The phrase “green bread” hardly conjures up an appealing image, at least for the more literally minded. But green bread is now apparently a thing in a non-literal sense, at least for fertiliser major Yara, whose CEO has called for more subsidies from the EU for the production of green ammonia. Because of course wheat production is also a source of emissions and this needs to change. Just when you thought you’ve heard it all.
“Europe needs to move faster in putting low carbon bread on the table, if it wants to meet its emission targets, according to one of the world’s largest crop nutrient producers,” the Financial Times informed us grimly earlier today, citing Yara’s Svein Tore Holsether.

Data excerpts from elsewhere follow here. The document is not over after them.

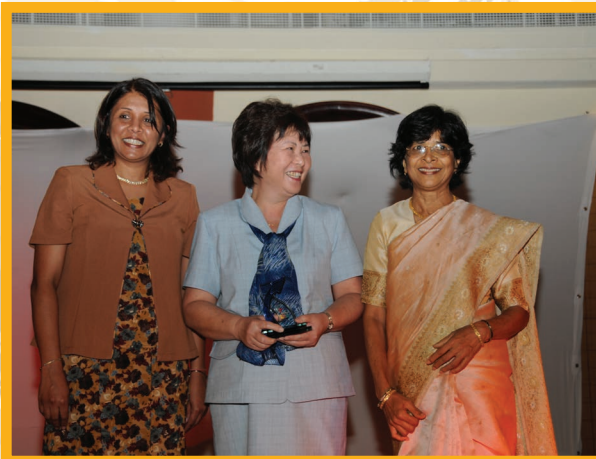
Information & Education Division, Ministry of Environment & NDU

... Special Mention by the Panel of Jury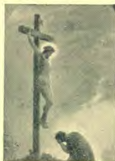
By Anton Dorph © Camera Clix

"Upon Christ as our substitute and surety was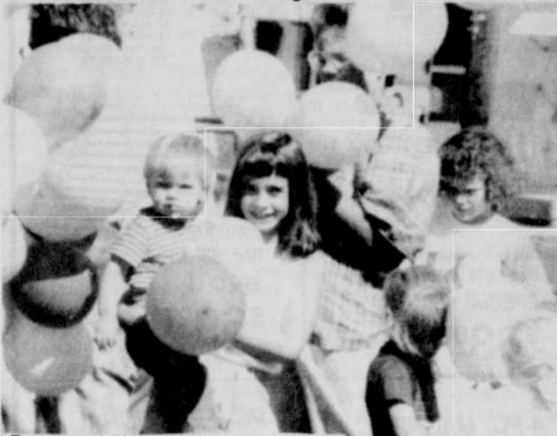
Day care kids celebrate with picnic.

On August 30 the staff and children of Heppner Day Care had an end-of-summer vacation picnic at Hager Park.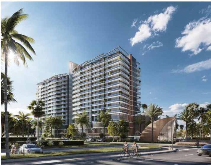
Exterior rendering of Nexo Residences Exterior. Designed by Frankel Benayoun Architects Inc. and Carlos Ott.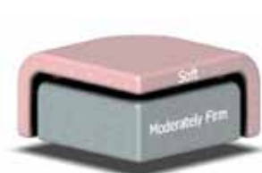
3" Comfort Foam ™ More comfort and support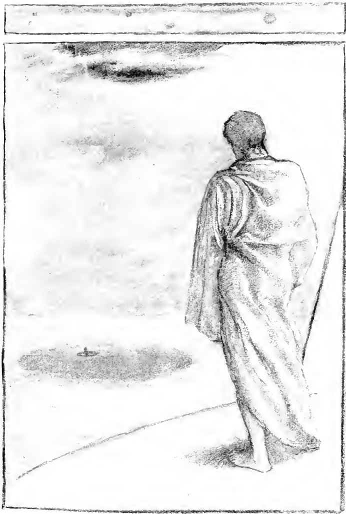
THORWALD DISCOVERS ONE OF THE EARTH-DWELLERS.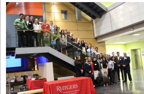
The Spring 2014 Fundamentals of Regulatory Affairs class.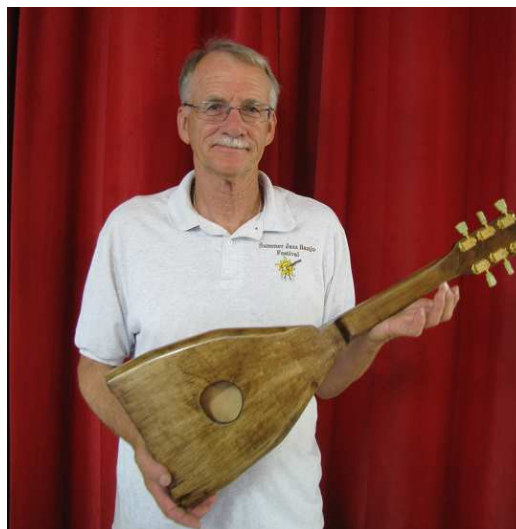
Back View of Bob's Banjo

According to Holsether, green hydrogen holds a lot of promise but it can’t take off without generous government support because — you’d never guess — it is currently too expensive to make commercial sense. This doesn’t look like it’s about to change, so the only way to make that promise happen is through heavy subsidising — a stunning revelation, no doubt.
Emissions from the use of hydrocarbon made fertilisers account for about half of all emissions related to the production of a loaf of bread and I’m sure we are all grateful for that piece of priceless information but not half as grateful as we should be upon learning that this could be fixed “easily”, per Holsether. Governments just need to “take this seriously”, meaning pour a few billions into it. Which the EU is already doing, by the way. Shockingly, it’s not enough.